Among Census respondents with the surname Cork, the largest self-reported group is White at 69.0%. The next largest groups are Black (23.2%) and Two or More Races (4.7%).
Origin
The surname Cork originates from England, where it first emerged in the 13th century. It likely derives from the Old English word "corc," which means "cork tree" or "cork oak." This suggests that the name may have originally referred to someone who lived near a cork oak tree or a location associated with cork trees.
In medieval times, Cork was a locational surname, indicating that the bearer hailed from a place called Cork. This could refer to various locations in England, such as Cork in Dorset or Cork Street in London. The earliest known record of the surname is found in the Hundred Rolls of Oxfordshire in 1273, where it appears as "de Cork."
The name Cork is also closely linked to the city of Cork in Ireland. While the city's name is of uncertain origin, it may have been named after the Cork family who held lands in the area during the Anglo-Norman invasion of Ireland in the 12th century. The earliest recorded instance of the surname in Ireland dates back to 1343, when John de Cork is mentioned in the Pipe Rolls of Cloyne.
Historically, the surname Cork has been associated with several notable individuals. One of the earliest was Sir John de Cork, a 14th-century English knight who served as the Sheriff of Somerset and Dorset in 1356. Another notable bearer was Edmund Cork (1542-1609), an English lawyer and Member of Parliament who served as the Recorder of Bristol.
In the 17th century, Sir Richard Cork (1602-1668) was a prominent English merchant and Member of Parliament for Lyme Regis. His grandson, Richard Cork (1672-1723), inherited the family estate and became the first Earl of Cork and Orrery in 1698.

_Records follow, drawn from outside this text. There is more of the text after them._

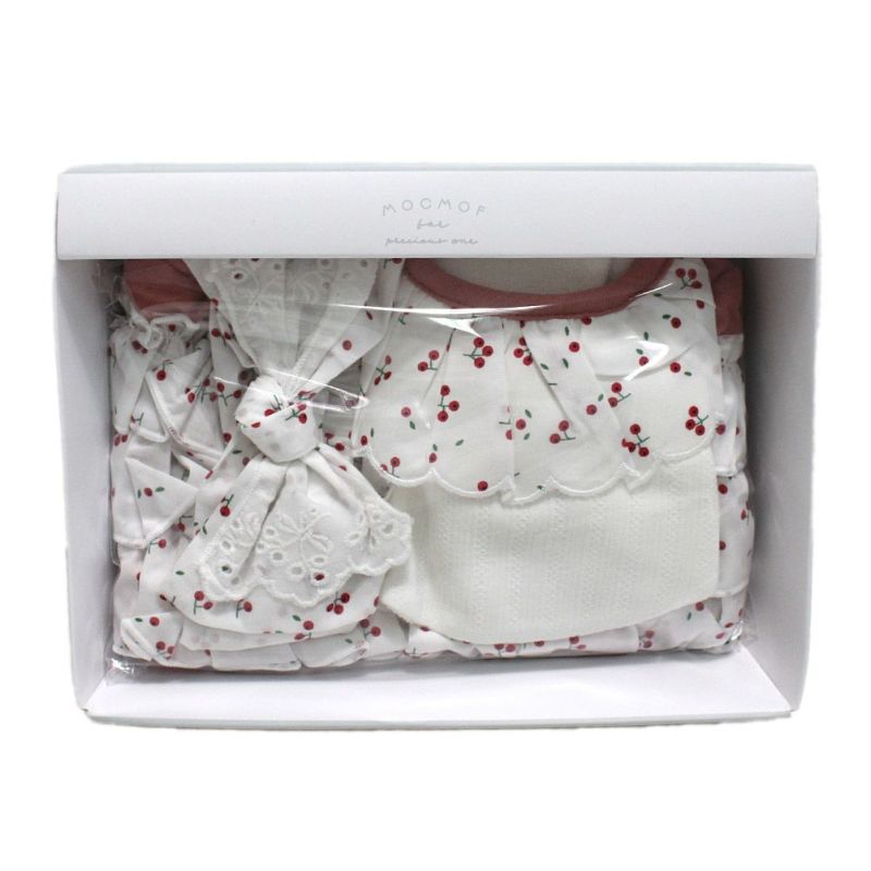 ヘアバンド、スタイ、ブルマをボックスに入れたギフトセット。
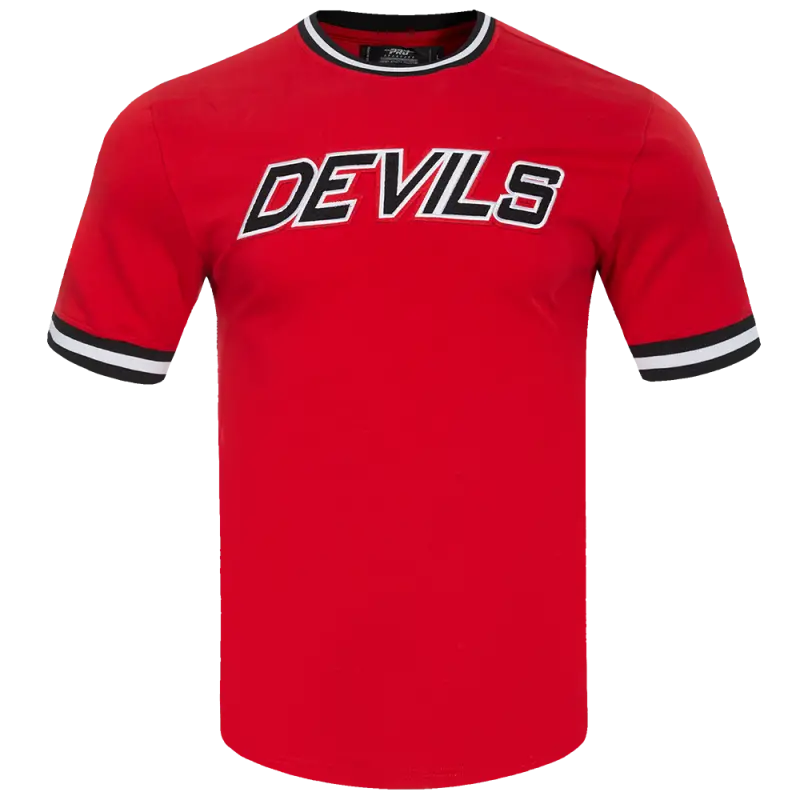 NHL NEW JERSEY DEVILS CLASSIC CHENILLE MEN’S DOUBLE KNIT TEE (RED\/BLACK)
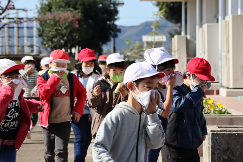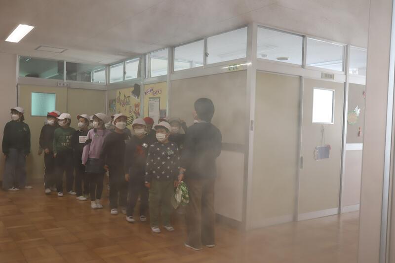 スモーク体験をした4年生の児童からは、「煙の中だと前が見えなくて怖いと感じた」や「低い姿勢にした方がいいことがわかった」、「火事は、火も怖いけど煙の方が危険なことがわかった」などの感想を話してくれました。
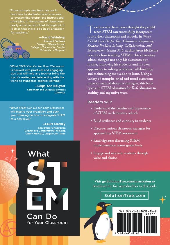 Author and educator Jason McKenna describes how teaching STEM education in his elementary school changed his classroom and his life, improving his students’ and his own approaches to problem solving, collaboration, and general motivation to learn. Offering examples, tried and tested classroom projects, and collaborative strategies, this innovative resource opens up STEM education in K-6 classrooms in exciting and expansive new ways. K-6 educators will: Understand the benefits and importance of STEM in elementary schools Build resiliency and curiosity in students Discover a variety of classroom instruction strategies to approach STEM assessment Read vignettes discussing STEM implementation across grade levels Use new strategies to engage and motivate student learning through voice and choice Contents: Part 1: Start STEM Early Chapter 1: Inspiring Students With STEM Narratives Chapter 2: Teaching STEM in Elementary School Part 2: Discover STEM Learning Principles Chapter 3: Focusing on Authentic Engagement, Choice, and Collaboration Chapter 4: Creating Risk Takers Part 3: Explore STEM Pedagogy Chapter 5: Exploring STEM Teaching and Guided Discovery Learning Chapter 6: Making Assessment Student Centered in Elementary STEM Classrooms Chapter 7: Exploring STEM and Creativity Chapter 8: Bringing It All Together Epilogue References and Resources Index
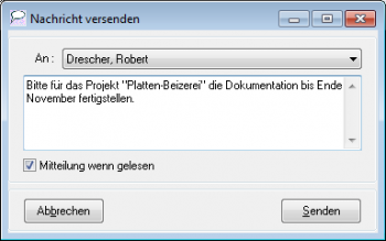 In der Combobox wählen Sie den Empfänger aus, dem Sie die Nachricht senden wollen. Nach dem Erfassen der eigentlichen Nachricht können Sie noch bestimmen, ob Sie davon informiert werden wollen, wenn der Empfänger die Nachricht gelesen hat. Durch Betätigen der Schaltfläche
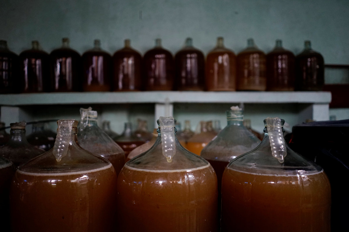 The rubber inflates and become erect as the fermentation releases gases; when it collapses, the process is complete. Estevez then sells the wine in his garage.
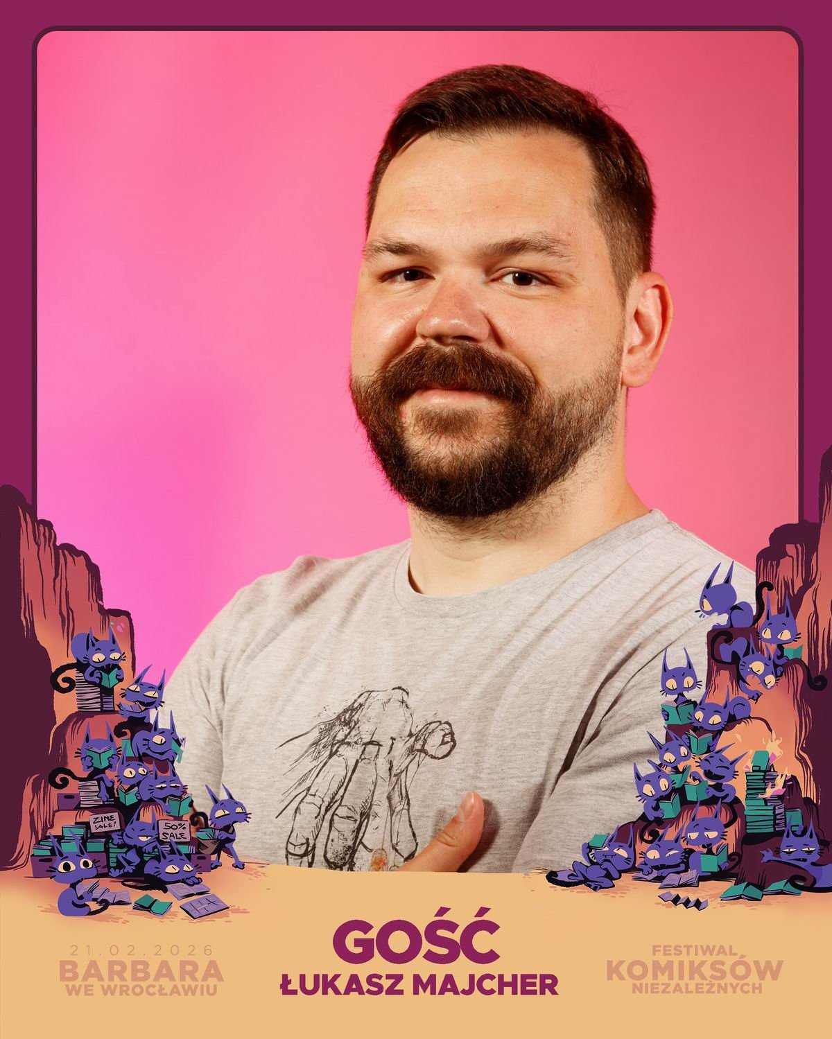 - Łukasz Majcher – twórc komiksowy mieszkający w Berlinie. Od 2023 roku prowadzi Moom Comics – niezależne, queerowe wydawnictwo, skupiające się na autorskich komiksach i powieściach graficznych. Na 2026 rok planuję premierę Totenbetter, horrorowego komiksu osadzonego w Lesie Bawarskim, który współtworzy ze swoim partnerem Stefanem Paulem.
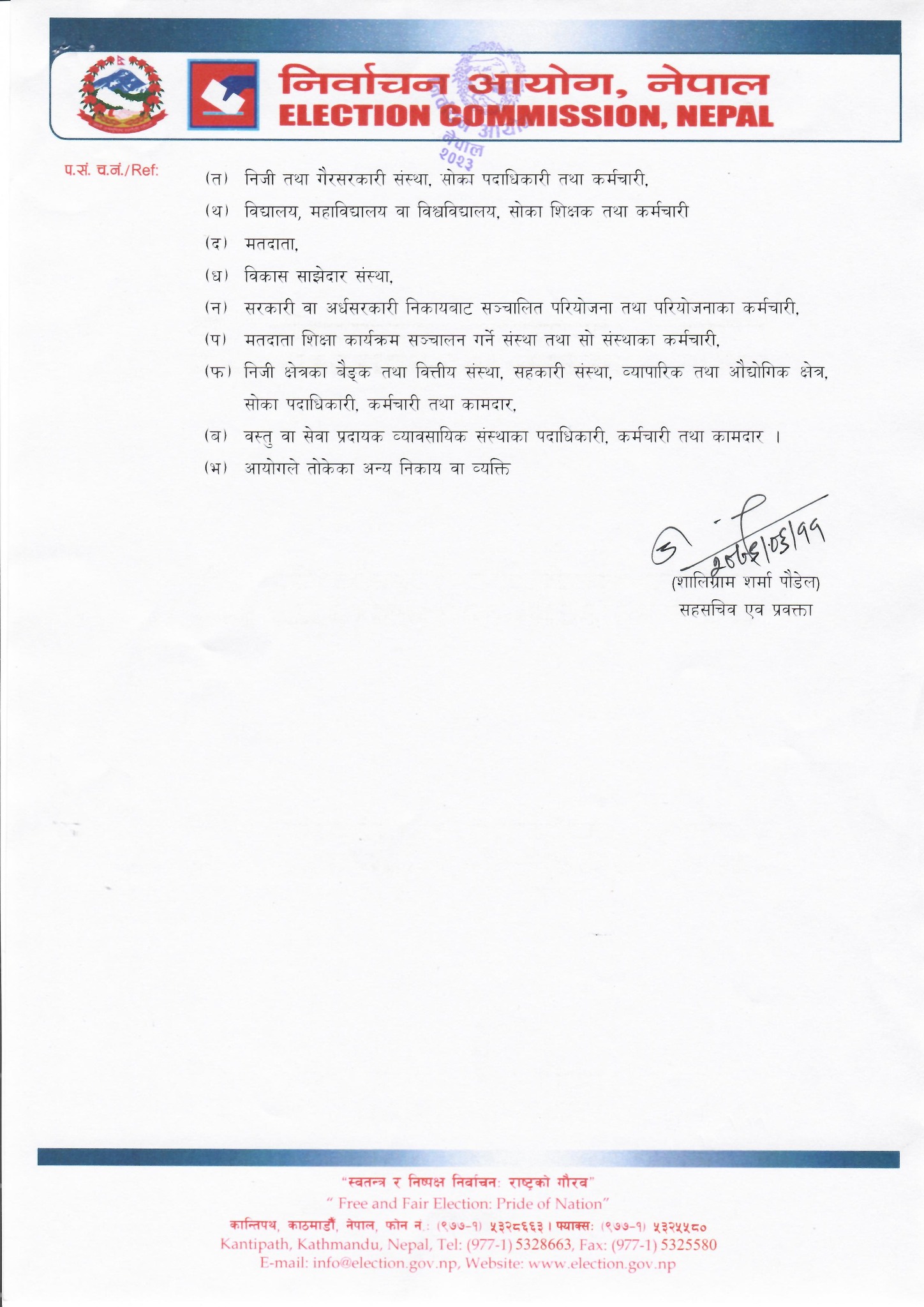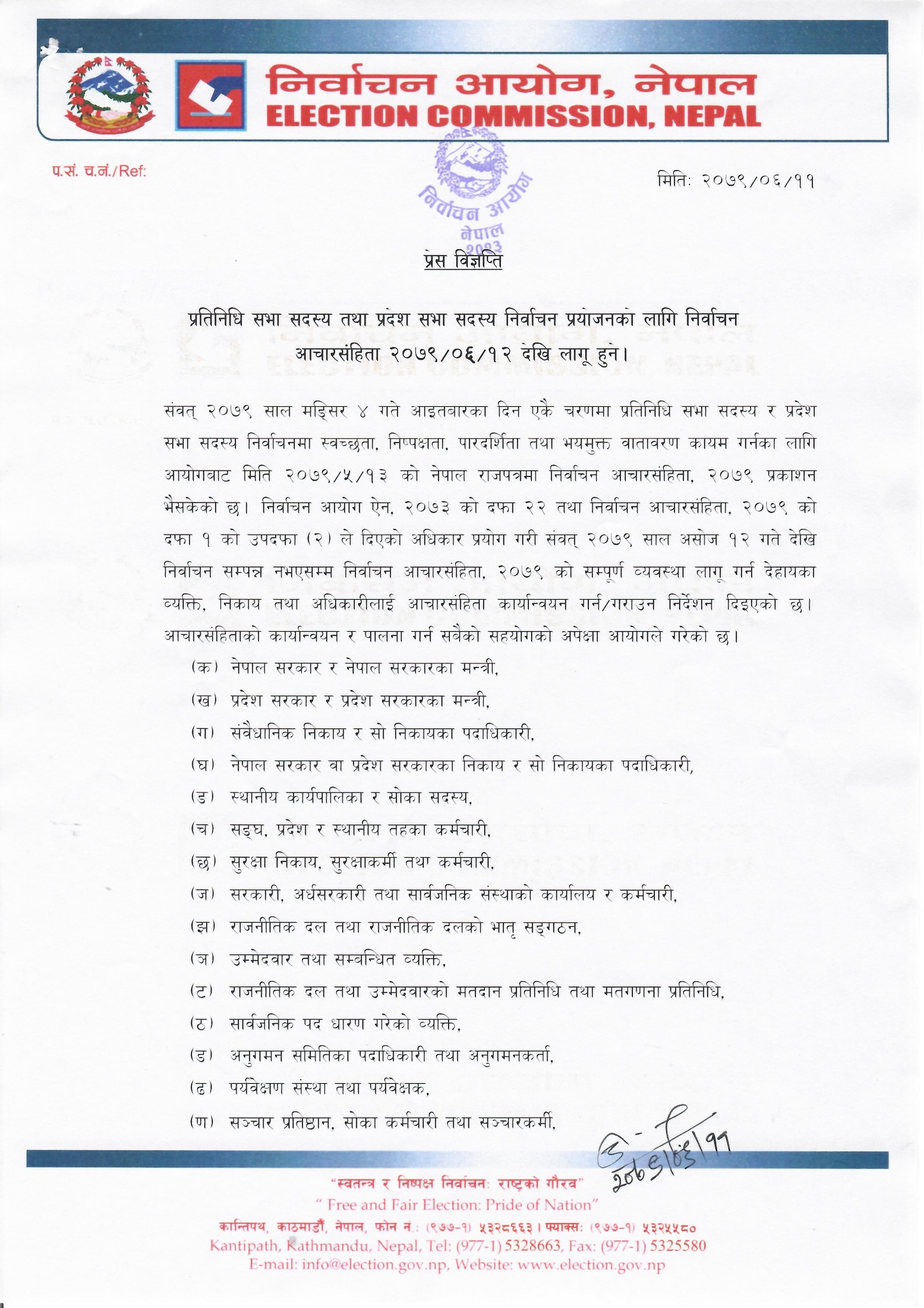 • काठमाडौँ, ११ असोज । निर्वाचन आयोगले आउँदो मङ्सिर ४ गते हुने प्रतिनिधि सभा र प्रदेश सभा निर्वाचनको लागी बुधबार (असोज १२) गते देखि निर्वाचन आचारसंहिता, २०७९ लागू गर्ने निर्णय गरेको छ ।
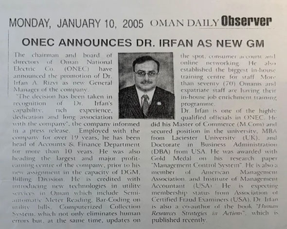 Roots: Born in Pakistan, he completed his university-level education in Karachi, Pakistan. Irfan Rizvi’s family migrated from India and experienced the catastrophic calamity (the brutalities) of the partition of India. Irfan was groomed and cherished in an environment of love and sacrifices for the family, community, and country. He learned how to lead from the grassroots, explore the world, and learn from diversity.
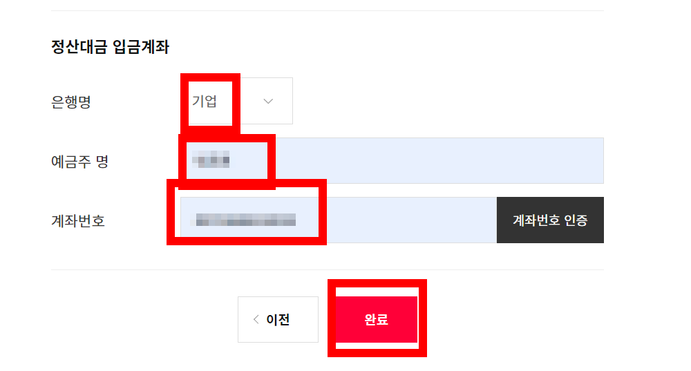 정산대금 입금계좌를 기입하고 인증한 후 완료버튼을 누른다.
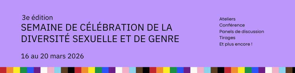 Le comité d’organisateur de la Semaine de célébration de la diversité sexuelle et de genre, en collaboration avec le Vice-rectorat à la recherche, à la création et à la diffusion, a le plaisir d’inviter les personnes étudiantes inscrites dans un programme de maîtrise ou de doctorat à soumettre leurs travaux pour une présentation par affiche scientifique (poster). Pour cette troisième édition, l’appel à projets est spécifiquement consacré aux recherches portant sur la santé, en lien avec la diversité sexuelle et de genre.
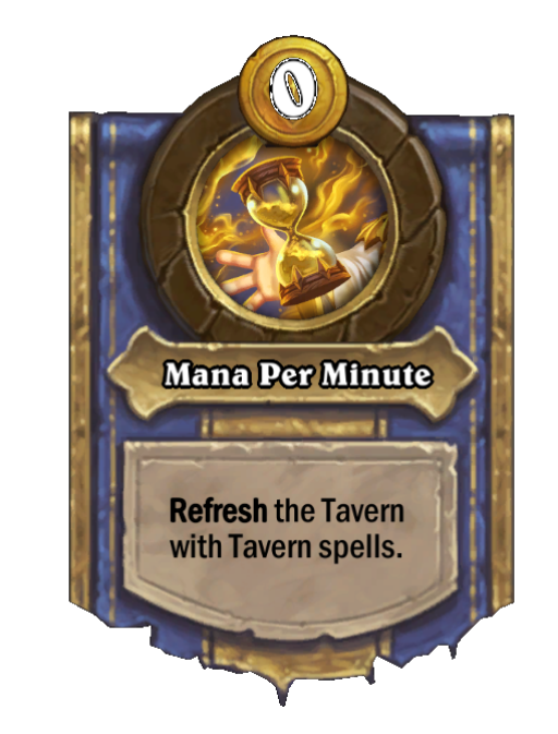 Mana Per Minute is a Hero Power in Hearthstone Battlegrounds featuring Refresh. Effect: Refresh the Tavern with Tavern spells. Created by: Time Twister Chromie.
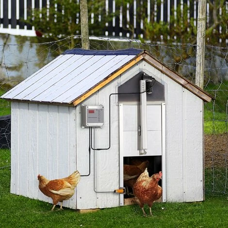 PawHut Porte Automatique Pour Poulailler – Minuterie, Capteur De Luminosité, 2 Télécommandes, Kit Installation Inclus – Alu. ABS Gris – Gris
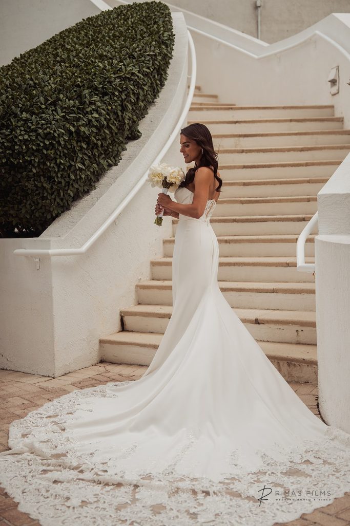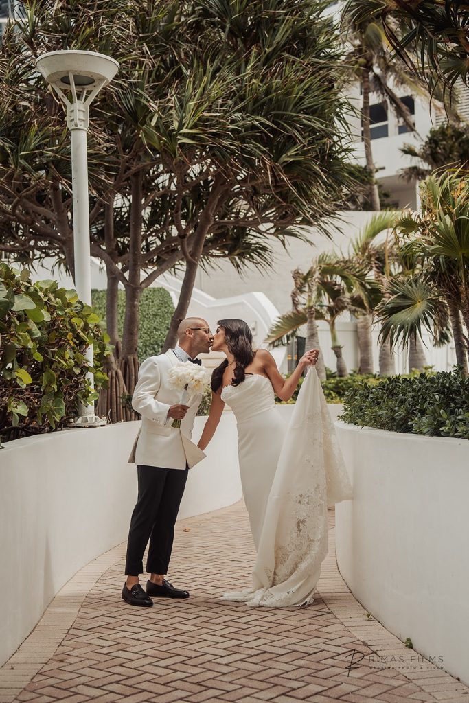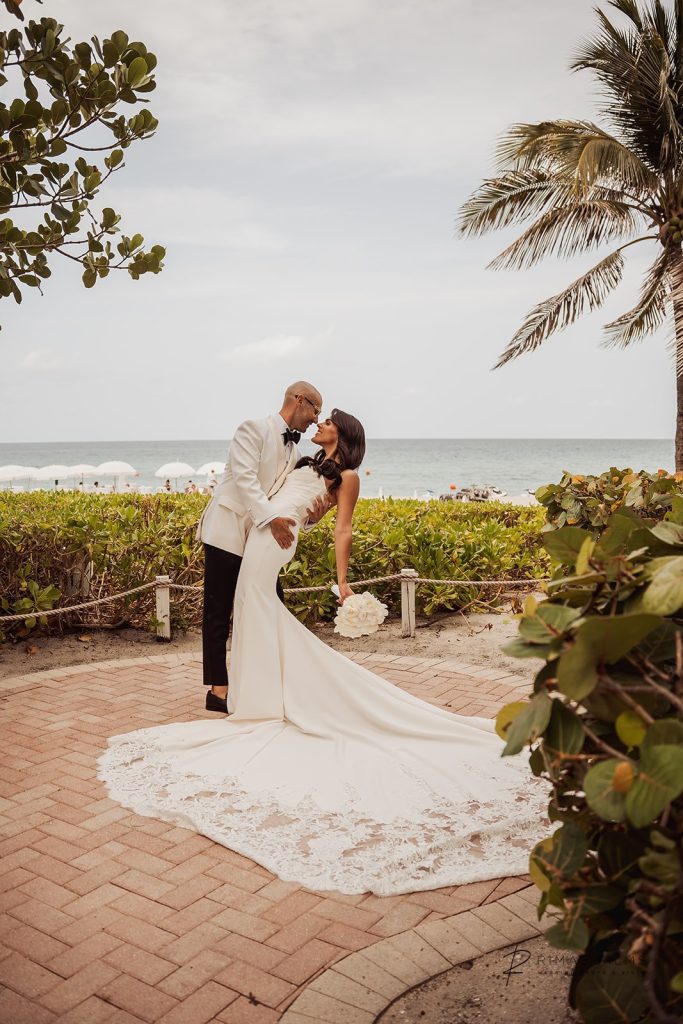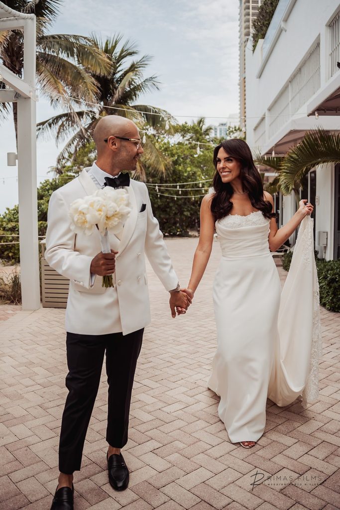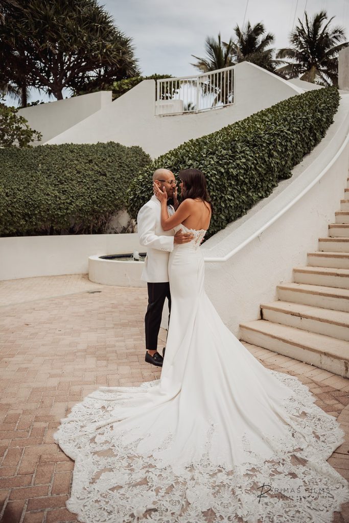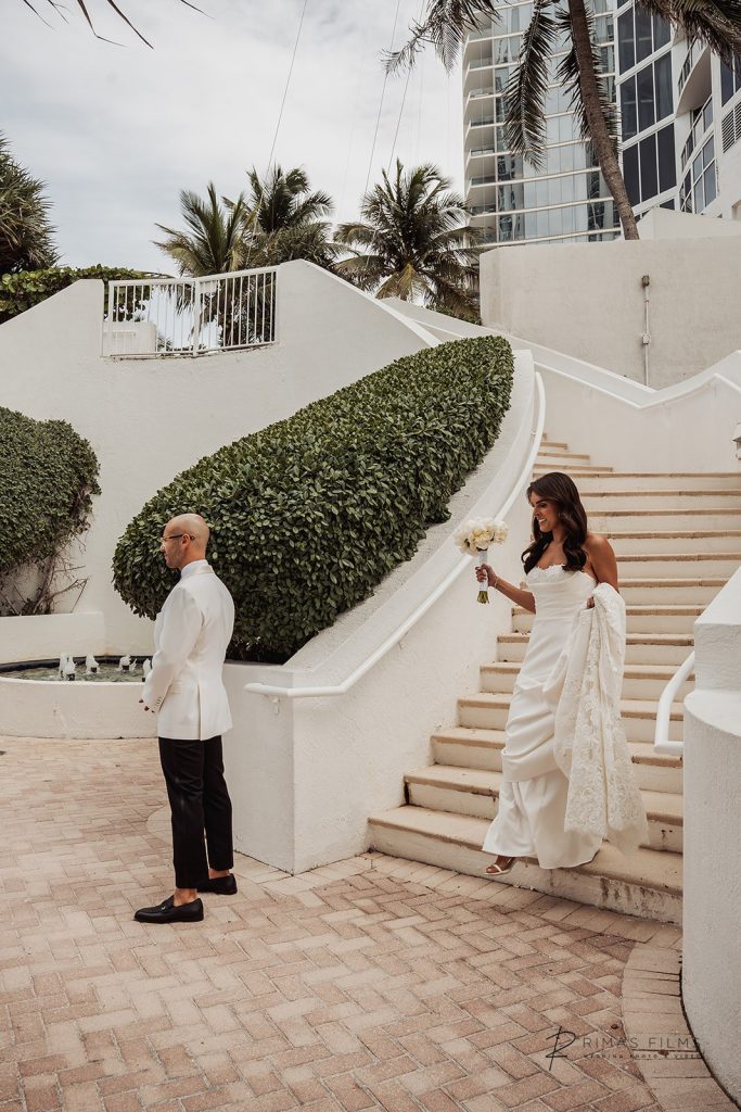 Before heading to their ceremony, Shira and Ilon shared their first look on the property. Shira made her entrance down the resort’s iconic outdoor staircase. With the ocean breeze and palm-framed skyline surrounding them, it was a breathtaking start to their day.

Moving into the 18th century, Nathaniel Cork (1726-1796) was a British Royal Navy officer who served as the Commander-in-Chief of the Leeward Islands Station during the American Revolutionary War.
One of the most famous individuals with the surname Cork was the British artist and art critic Richard Cork (1947-present), known for his contributions to contemporary art criticism and his writings on artists such as Pablo Picasso and Henri Matisse.
Demographics
Among Census respondents with the surname Cork, the largest self-reported group is White at 69.0%. The next largest groups are Black (23.2%) and Two or More Races (4.7%).
The bar chart below shows how Cork bearers described their own race and ethnicity on the 2020 Census form. The Census Bureau groups responses into six broad categories: White, Black or African American, Hispanic or Latino, Asian and Pacific Islander, American Indian and Alaska Native, and Two or More Races. When a category has too few respondents for a given surname, the Bureau suppresses the figure to protect individual privacy, which is why some names show fewer than six slices.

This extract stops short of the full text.